To photograph the landscape during the thirties and forties was considered by many to be irrelevant at best, and inhumane at worst. In the early fifties, Cartier-Bresson was incredulous that anyone could photograph a landscape when the world was in such turmoil.

Given the events of his time this may, or may not, have been fair. It’s true that the world was severely troubled during these decades, but it’s also true that the activities of Ansel Adams and his ilk were instrumental in the preservation of much of the USA’s natural resources: a legacy currently enjoyed by millions of Americans.

It’s a different situation in the nineties. Those of my age and younger have never personally known war; we have the sacrifices of our fathers, and their fathers, to thank for that. We have no Gallipoli, we have no Tobruk and we have no Long Tan. What we do have is the Deua, Cape York, Tarkine, and many other wilderness areas that need protection.

This is a war of a different kind. Far less fatal on an individual basis but with the potential to be the human race’s last conflict. This is a war to end all wars for if we ruin this world it will stop supporting us, and we have nowhere else to go.

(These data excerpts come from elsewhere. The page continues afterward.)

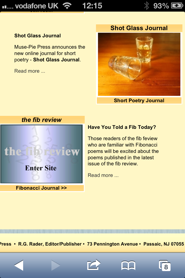 If you’re interested, kind or parient enough to read more of my Fibonacci poetry then there is an archive section too – click on Writer Archive at the top of The Fib Review #13 home page and there you’ll find all of my Fibonacci poems published since #5.
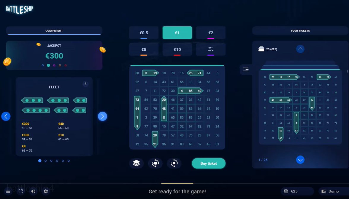 Battleship perustuu suosittuun lautapeliin, josta olen aivan hurahtanut, lisättäköön. Atmosferaa pelataan 90-numeroisella laudalla, jossa on kuusi laivaa. Pelaaja voittaa sen mukaan, kuinka monta palloa tarvitaan upottamaan erilaisia laivayhdistelmiä, kaikki laivat ja kaikki laivat paitsi yksi pallo.
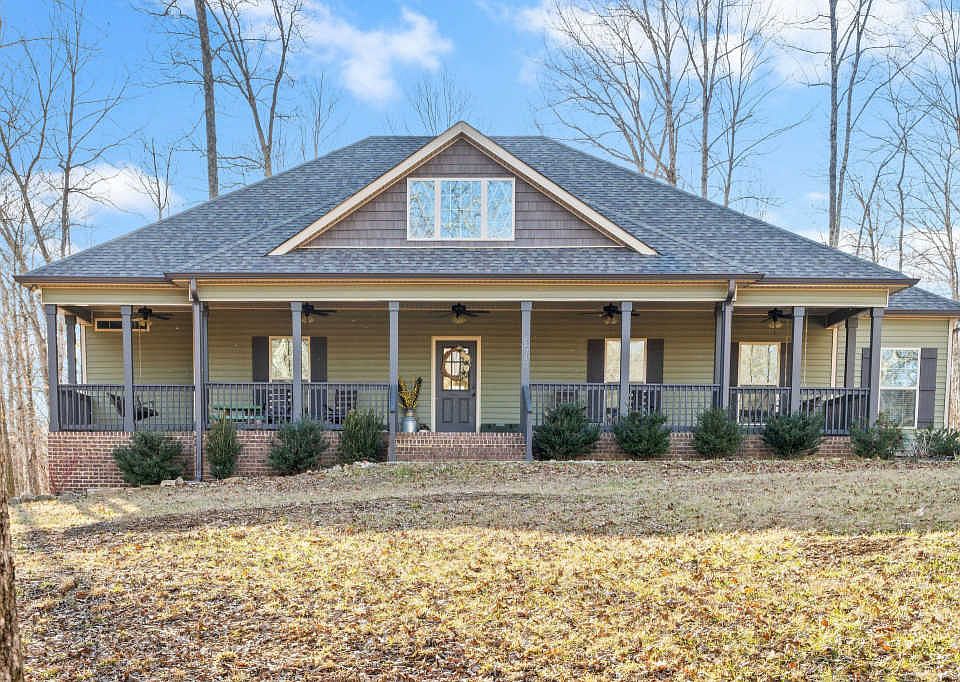Porch Sitting in the country! Watch the wildlife while you sip your morning coffee on your porches and enjoy the quiet lifestyle on your porch swing. Over 5 acres, a detached garage, built-ins, tons of ceiling fans, and all on one level! Home has a split bedroom plan with guest bedrooms on one side of the home, away from the primary bedroom suite. The Detached garage is perfect for projects. Open concept, a huge pantry, massive shower and much more.

Some time ago I read an American Indian (the Cree tribe I believe) saying. It went like this:

Only when the last Tree has been cut down
Only when the last River has been poisoned
Only when the last Fish has been caught
Only then will you find that Money Cannot be Eaten

I believe that, in the nineties, it is socially responsible to be a landscape photographer. Of course this decade has its own social problems and these should be dealt with by photographers. But you should only follow that path if you are good at the social documentary style of photography. If, like me, you feel more at home in the bush then that’s where you’ll do your best work, and the better your photos are, the more likely you are to make a difference.